We keep at it until we are rubber-armed and can’t lift our hoe or shovel anymore. “He’s dead,” I say. “He has to be.”

Jimbo reaches down and picks up the dead snake with his bare hands. I can’t believe it. He drapes the snake over the hoe and carries it across the street and throws it into the wooded lot over there, shouting as he slings it, making a noise like a Tarzan yell, only worse. I stand in the yard and wait for him. When he turns to walk back home I look at his boy face. I love Jimbo.

 

When we get inside the house the phone is ringing. It’s Mother. She knows Daddy goes to Washington on Tuesdays, Wednesdays, and Thursdays.

“Hello,” I say. “We’re fine,” I say. “How are you?”

She says she and the little children miss us.
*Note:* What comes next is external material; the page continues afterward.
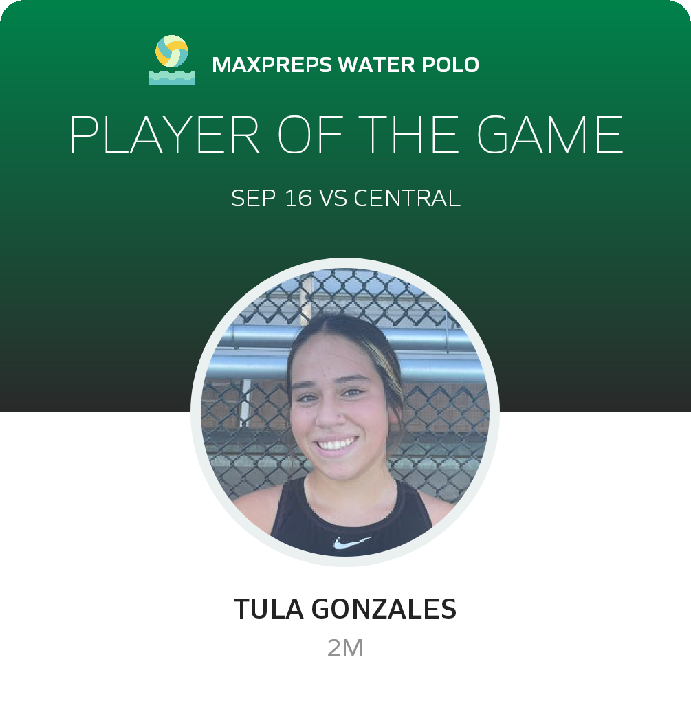 Congratulations to #17 Tula Gonzales for being selected the Roosevelt Girls Water Polo Player of the Game.

She says she loves us.

“Jimbo just killed his first snake,” I say. “He beat him to death with a hoe.”

Mother gets quiet. “Let me talk to him,” she says.

But Jimbo won’t. He turns on the TV and listens while Douglas Edwards reads the world news. “He can’t come right now,” I say.
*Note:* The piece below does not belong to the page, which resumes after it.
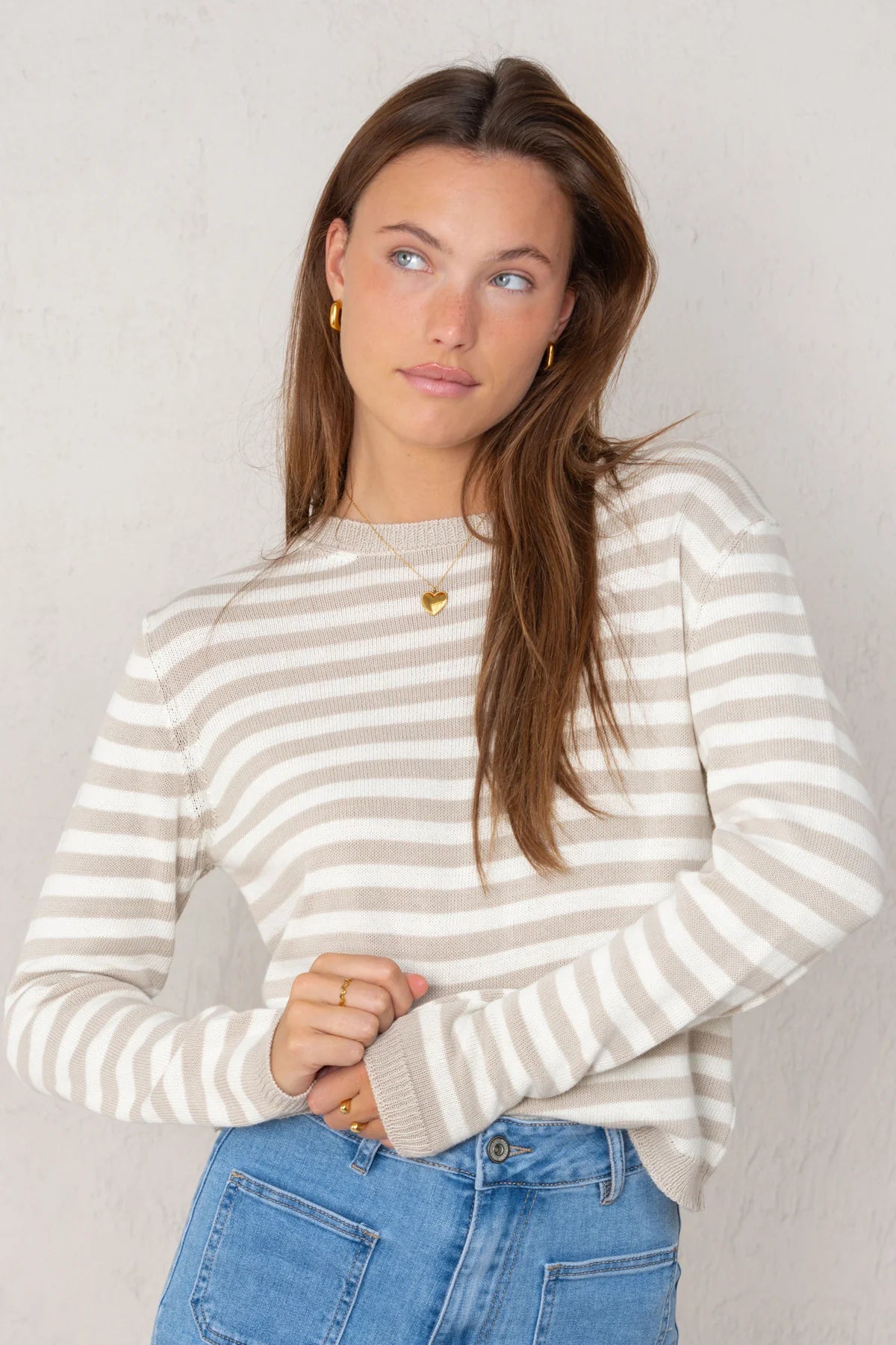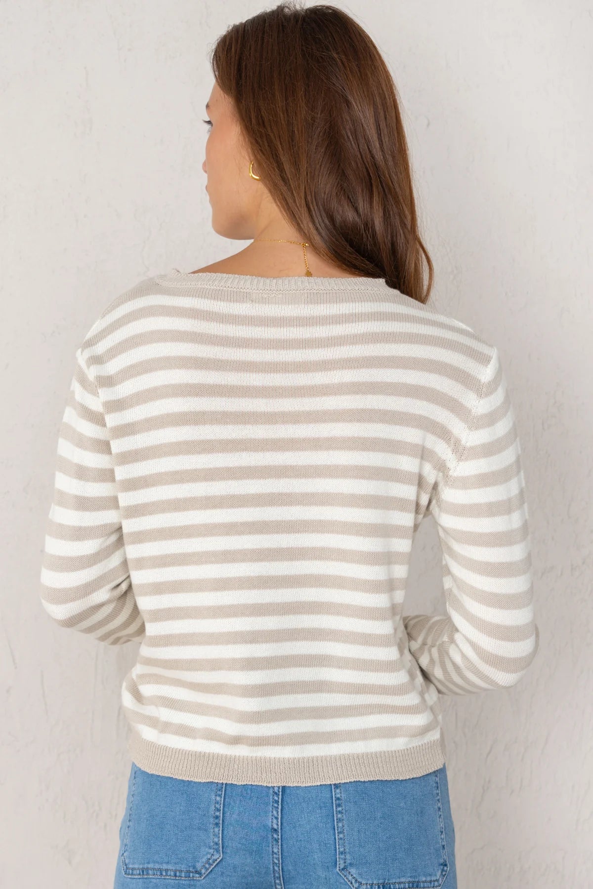 Striped knit sweater with a ribbed round neckline and long sleeves with ribbed cuffs.

“I’m proud of him,” Mother says. “Tell him that.”

“I will,” I say. And we hang up.

I walk outside and sit on the front steps. The shovel and hoe lay slung across the walk. We should put them away before Daddy comes home. I like to sit outside in the late afternoon and breathe cool air. I like to watch the cars drive by our house, sometimes with their headlights on, fathers heading home from work, sleeping as they drive, and shorthaired mothers with backseats full of neighborhood children, delivering them home from baseball practice and piano lessons, stopping to let them out, their goodbyes echoing up and down the street, like the saddest music in the world.